▸ **DATA SECTION**

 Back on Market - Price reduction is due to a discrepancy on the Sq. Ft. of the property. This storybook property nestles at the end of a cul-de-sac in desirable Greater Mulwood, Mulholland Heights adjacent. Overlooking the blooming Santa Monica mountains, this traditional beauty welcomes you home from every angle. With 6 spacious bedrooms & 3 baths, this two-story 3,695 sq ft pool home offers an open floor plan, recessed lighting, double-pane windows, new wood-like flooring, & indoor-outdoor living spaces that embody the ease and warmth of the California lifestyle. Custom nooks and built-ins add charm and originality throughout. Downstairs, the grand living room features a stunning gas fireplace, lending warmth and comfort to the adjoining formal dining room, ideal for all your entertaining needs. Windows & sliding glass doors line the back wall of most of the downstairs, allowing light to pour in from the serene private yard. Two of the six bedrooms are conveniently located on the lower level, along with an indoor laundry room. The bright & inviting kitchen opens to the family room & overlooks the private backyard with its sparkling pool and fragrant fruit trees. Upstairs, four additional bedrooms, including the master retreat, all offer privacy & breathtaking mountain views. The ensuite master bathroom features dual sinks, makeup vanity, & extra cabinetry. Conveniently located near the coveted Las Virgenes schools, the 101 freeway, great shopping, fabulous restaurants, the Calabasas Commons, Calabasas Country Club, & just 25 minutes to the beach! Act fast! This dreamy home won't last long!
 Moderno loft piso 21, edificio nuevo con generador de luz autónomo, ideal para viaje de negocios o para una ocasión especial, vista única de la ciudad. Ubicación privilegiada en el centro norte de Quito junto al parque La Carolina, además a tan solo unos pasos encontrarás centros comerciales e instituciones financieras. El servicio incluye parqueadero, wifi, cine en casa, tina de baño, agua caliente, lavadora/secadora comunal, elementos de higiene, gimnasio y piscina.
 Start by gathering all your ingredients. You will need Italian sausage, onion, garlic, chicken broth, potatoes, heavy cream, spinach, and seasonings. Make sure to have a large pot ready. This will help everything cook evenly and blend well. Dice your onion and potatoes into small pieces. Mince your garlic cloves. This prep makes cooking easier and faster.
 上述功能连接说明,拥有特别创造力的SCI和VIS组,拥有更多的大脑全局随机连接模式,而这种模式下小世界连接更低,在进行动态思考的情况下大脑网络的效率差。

▸ **TO DO**
From the data above, give every line again exactly as it appears.

▸ **ANSWER TO THE PROBLEM**
 Back on Market - Price reduction is due to a discrepancy on the Sq. Ft. of the property. This storybook property nestles at the end of a cul-de-sac in desirable Greater Mulwood, Mulholland Heights adjacent. Overlooking the blooming Santa Monica mountains, this traditional beauty welcomes you home from every angle. With 6 spacious bedrooms & 3 baths, this two-story 3,695 sq ft pool home offers an open floor plan, recessed lighting, double-pane windows, new wood-like flooring, & indoor-outdoor living spaces that embody the ease and warmth of the California lifestyle. Custom nooks and built-ins add charm and originality throughout. Downstairs, the grand living room features a stunning gas fireplace, lending warmth and comfort to the adjoining formal dining room, ideal for all your entertaining needs. Windows & sliding glass doors line the back wall of most of the downstairs, allowing light to pour in from the serene private yard. Two of the six bedrooms are conveniently located on the lower level, along with an indoor laundry room. The bright & inviting kitchen opens to the family room & overlooks the private backyard with its sparkling pool and fragrant fruit trees. Upstairs, four additional bedrooms, including the master retreat, all offer privacy & breathtaking mountain views. The ensuite master bathroom features dual sinks, makeup vanity, & extra cabinetry. Conveniently located near the coveted Las Virgenes schools, the 101 freeway, great shopping, fabulous restaurants, the Calabasas Commons, Calabasas Country Club, & just 25 minutes to the beach! Act fast! This dreamy home won't last long!
 Moderno loft piso 21, edificio nuevo con generador de luz autónomo, ideal para viaje de negocios o para una ocasión especial, vista única de la ciudad. Ubicación privilegiada en el centro norte de Quito junto al parque La Carolina, además a tan solo unos pasos encontrarás centros comerciales e instituciones financieras. El servicio incluye parqueadero, wifi, cine en casa, tina de baño, agua caliente, lavadora/secadora comunal, elementos de higiene, gimnasio y piscina.
 Start by gathering all your ingredients. You will need Italian sausage, onion, garlic, chicken broth, potatoes, heavy cream, spinach, and seasonings. Make sure to have a large pot ready. This will help everything cook evenly and blend well. Dice your onion and potatoes into small pieces. Mince your garlic cloves. This prep makes cooking easier and faster.
 上述功能连接说明,拥有特别创造力的SCI和VIS组,拥有更多的大脑全局随机连接模式,而这种模式下小世界连接更低,在进行动态思考的情况下大脑网络的效率差。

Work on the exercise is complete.